Allergic Rhinitis and ENT Practice: Review and Evidence Emphasis on Fluticasone Furoate

Published On 2024-07-11 06:30 GMT   |   Update On 2024-07-11 10:44 GMT

Allergic rhinitis (AR) affects approximately 25% and 40% of children and adults globally, respectively. In 80% of the cases, the symptoms occur before 20 years and peak between 20 and 40 years before subsiding (1). In India, where the prevalence stands at 30%, environmental factors, particularly outdoor and indoor air pollution, emerge as primary risk factors (2,3).

Sequels of Allergic Rhinitis: Around 20% of both adults and children grapple with seasonal or perennial AR, leading to severe complications like asthma, sinusitis, and otitis media with effusion (OME) and respiratory infections. Nearly 37% of patients with seasonal AR are diagnosed with asthma, about 78% of recurrent sinus infections are due to allergy, and 40-50% of pediatric chronic OME present with AR, underscoring the intricate relationship between AR and respiratory conditions (4, 5).

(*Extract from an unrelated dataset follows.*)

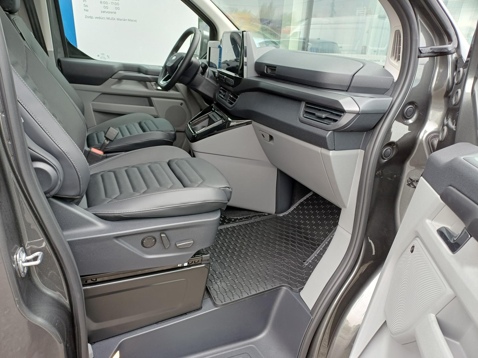 Asistenčná služba Ford Euroservice 2 roky zdarma po celej Európe , Predĺžená továrenská záruka Ford Protect 5 rokov / 200 000 km , 3x USB vzadu , Elektricky ovládané pravé a ľavé posuvné dvere so servodovieraním a virtuálnym pedálom , Servodovieranie bočných posuvných dverí , Trojzónová automatická klimatizácia vpredu + vzadu, obsahuje aj PTC - doplnkové elektrické kúrenie (zrýchlený ohrev interiéru v prednej časti) , Veľká stredová konzola prístrojovej dosky s úložným priestorom , Kobercové rohože vpredu , 4 x úchytné oko v priestore pre cestujúcich, Sada predných sedadiel 23 - 2-miestna, tmavé vinylové Sensico poťahy, AGR certifikát pre zdravý chrbát-vyhrievané sedadlá vodiča a spolujazdca s lakťovými opierkami po stranách, 4-smerovou bedrovou opierkou, elektricky nastaviteľné v 8 smeroch, manuálne nastaviteľná dĺžka sedákov , Bočné okná v 2. rade - výklopné, bočné okná v 3. rade - pevné , Elektricky sklopné/výklopné ťažné zariadenie so systémom stabilizácie prívesu , Palivová nádrž - objem 70 litrov , Akumulátor AGM H8, 95Ah, 850A , Zásuvka 230V/400W , Bang & Olufsen Sound System - prémiová audiosústava obsahuje 15 reproduktorov vrátane subwoofera , Dvojité centrálne zamykanie s diaľkovým ovládaním , 360 parkovacia kamera, navigačný systém, inteligentný adaptívny tempomat (AT aj s funkciou Stop&Go a udržiavaním v strede jazdného pruhu), Pre-Collision Assist 2.2 s asistentom vyhýbacieho manévra, BLIS - asistent mŕtveho uhla fungujúci aj s prívesom, CTA (Cross Traffic Alert - pri cúvaní upozorní na vozidlá prichádzajúce zboku), asistent zabrzdenia pri cúvaní do prekážky (Reverse Brake Assist) , Navigácia + systém SYNC 4 + rádio AM/FM/DAB, 13" farebný dotykový displej , Brake Boost - elektrický posilňovač bŕzd , Digitálny prístrojový panel 12" , Elektronická parkovacia brzda s funkciou AUTO HOLD , Elektronický stabilizačný systém ESP - vrátane ABS, asistenta rozjazdu do kopca, multikolíznej brzdy a ďalších systémov na podporu stability, trakcie a brzdenia (EBA, EBD, TCS, ROM, LAC, TVC) , EPAS - elektrický posilňovač riadenia , Integrované tretie brzdové svetlo v zadných dverách nákladného priestoru , Jazdné režimy: Normál, Eco, Sport, Klzký povrch, Ťahanie prívesu (AT), Nespevnená cesta (AWD a mLSD) , Kľučky dverí vo farbe karosérie , Kobercová podlahová krytina v priestore pre cestujúcich , Lakovaný predný a zadný nárazník , LED zadné svetlomety , Madlo na B-stĺpiku , Nástupný schodík na pravej aj ľavej strane , Obloženie stien priestoru pre cestujúcich , Osvetlenie nástupných schodíkov v kabíne vodiča , Predné a zadné lapače nečistôt , Presklené zadné výklopné dvere s rozmrazovaním a stieračom , Priehradka pred sedadlom spolujazdca na vrchu prístrojovej dosky , Sada Assist: Pre-Collision Assist s rozpoznávaním chodcov a cyklistov, inteligentný tempomat, asistent navrátenia do jazdného pruhu LKA, rozpoznávanie dopravných značiek, asistent protismeru, kontrola bdelosti vodiča , Sada na opravu pneumatík , Sedadlá v 2. a 3. rade s funkciou polohovania operadiel , Slnečné clony vpredu so zrkadlom a osvetlením , Systém redukcie emisií výfukových plynov využívajúci vstrekovanie aditíva AdBlue + nádrž pre AdBlue 20l , Tmavé sklá okien (zadné okná od B-stĺpika) , USB a 12V zásuvka vzadu , Uzamykateľná priehradka pred sedadlom spolujazdca pod prístrojovou doskou , Vnútorné spätné zrkadlo - manuálne stmievateľné , Výkonnejší alternátor (240 A) , Výškovo a pozdĺžne nastaviteľný vinylový (Sensico) volant, vinylová (Sensico) radiaca páka , Zásuvka 12V v priestore vodiča , 19" disky kolies z ľahkej zliatiny Pearl Grey, pneumatiky 235/50 , , Bezpečnostné 3-bodové pásy na všetkých sedadlách + signalizácia nezapnutého bezpečnostného pásu pre, Kobercová podlahová krytina v nákladovom priestore, Uzáver palivovej nádrže EasyFuel zabraňujúci natankovaniu nesprávneho paliva, Zásuvka 12V v kabíne vodiča

Pharmacological Management of AR: Lacking a single medication capable of rapidly and comprehensively alleviating all symptoms are common pharmacological gap in AR. (6) Antihistamines, Leukotriene receptor antagonists, and corticosteroids are some common pharmacological options that significantly prevent and alleviate nasal symptoms in allergic rhinitis. (7)

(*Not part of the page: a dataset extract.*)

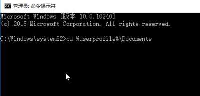 2、在界面中,输入“cd %userprofile%\Documents”,回车即可,如图所示:
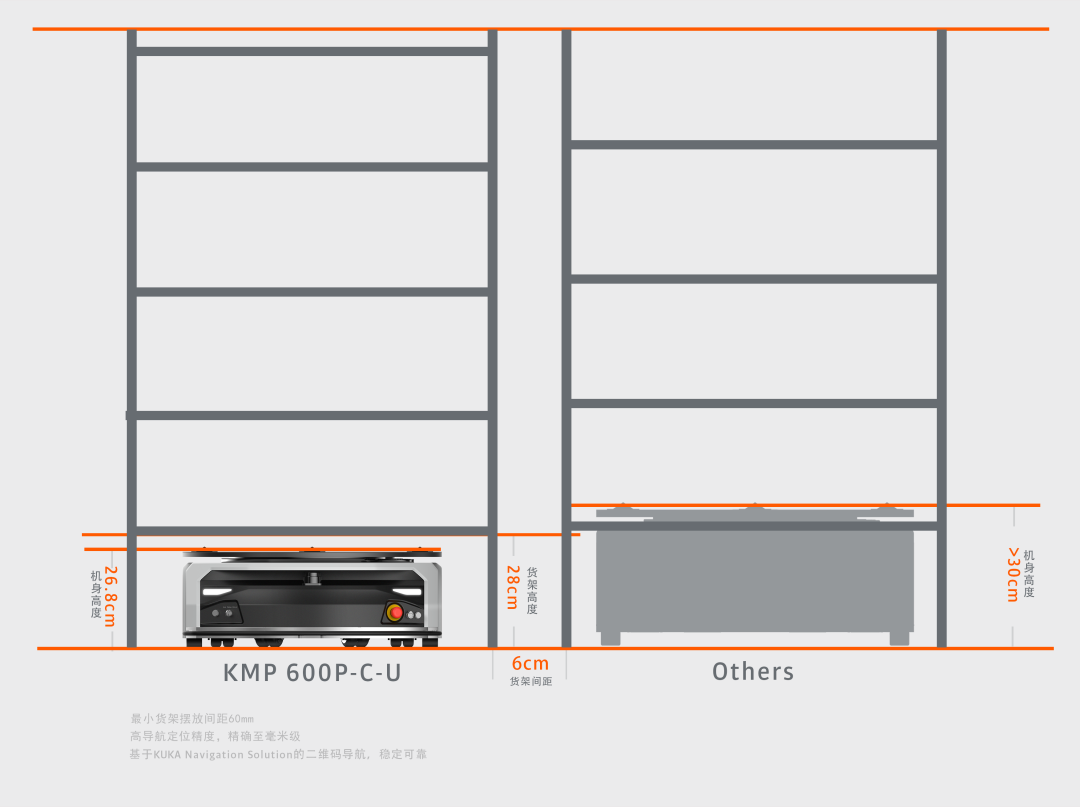 基于KUKA Navigation Solution的二维码导航技术,KMP 600P-C-U拥有稳定出色的导航系统,全面优化的运动控制精度链,可达到毫米级定位精度,具备货架摆放位置调整功能,轻松实现1.3*1.3m大尺寸移动货架的摆放间距6cm需求,为仓库赢得更多平面空间,大大增加仓库容积率,进而降低成本。

Corticosteroids regulate the rate of protein synthesis and increase the synthesis of a protein (lipocortin-1) that inhibits the production of lipid mediators. They reduce the number of circulating T lymphocytes, inhibit T-lymphocyte activation and interleukin production, reduce the circulating numbers of eosinophils and eosinophil influx in the late-phase response, reduce the numbers of circulating macrophages and monocytes, and inhibit the release of cytokines (8).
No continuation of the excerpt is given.